Telephone Spy Operation

A few weeks ago, privacy experts asked AT&T to stop a telephone spy operation that they have rented out to cops. Users describe this program as “Google on steroids”, owing to the numerous private telephone records that it access. Shareholders of AT&T are challenging the operation of the company inside the spy program.

In a resolution that is being prepared for presentation to AT&T, the shareholders are asking for a public report and board review “on the consistency between AT&T’s policies on privacy and civil rights and the company’s actions with respect to U.S. law enforcement investigations.”

“This proposal addresses programs in use domestically like ‘Hemisphere,’” said the resolution. “A group of investors in AT&T have had it with the phone company’s collaboration with law enforcement through the Hemisphere program, in which the company facilitates police access to trillions of phone records,” said the Electronic Frontier Foundation.

EFF explained: “Police refer to Hemisphere as a ‘Super Search Engine’ and ‘Google on steroids’ because it provides access to trillions of domestic and international phone call records dating back 30 years. Each day, approximately four billion phone records are added to the system, including calls from non-AT&T customers that pass through the company’s switches and even when a customer changes phone numbers.”

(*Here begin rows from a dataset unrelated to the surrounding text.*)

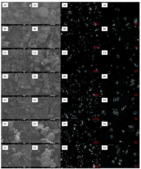 SEM images (1000×: (A1–G1);2000×: (A2–G2)) and polarizing light microscope graphs (100 µm: (A3–G3); 10 µm: (A4–G4)) of ginger starch with native and different treatment (A: Native; B: GS; C: FT0; D: FT1; E: FT3; F: FT5; G: FT7).
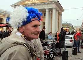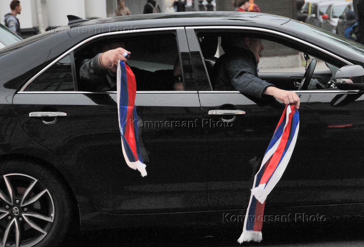 Чемпионат мира по футболу в России FIFA 2018. Болельщики сборной России на Невском проспекте празднуют победу над Испанией.
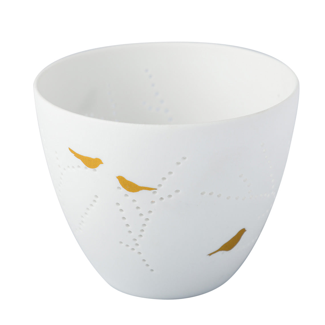This Tealight Lantern with its beautiful bird design is a delicate, handcrafted work of art. A candle on the inside gives a warm glow and paints poetic pictures when the light shines through the tiny cutouts arranged in the shape of tree branches. Elegant gold birds grace the branches of the container.
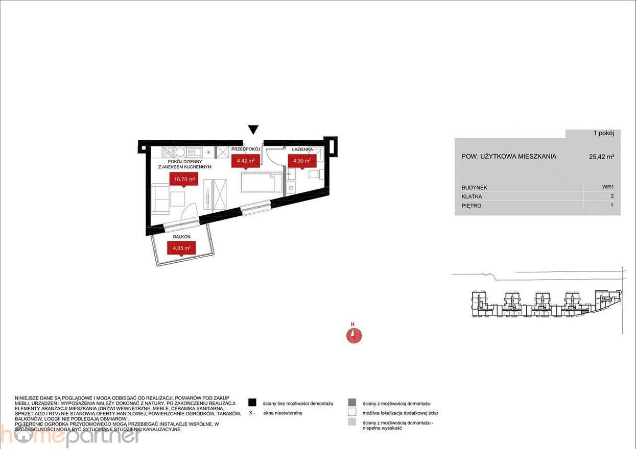 Mieszkanie o powierzchni 25,42 m, składa się z:

“Hemisphere can also map social relationships and pinpoint locations of callers,” EFF added. The Foundation also said that with the cooperation of AT&T, it actually sells access to the telephone data. This means that the law enforcement officials are able to have access to the details of a phone call without the need to go through a judge. AT&T imposes strict regulations to keep this program secret.

Pat Miguel Tomaino, who is the associate director for socially responsible investing at Zevin Asset management said, “We are shining a light on AT&T’s Hemisphere program, a giant database of customer calls which AT&T runs as a lucrative business line, charging law enforcement agencies upwards of $1 million for bespoke searches and analytics.”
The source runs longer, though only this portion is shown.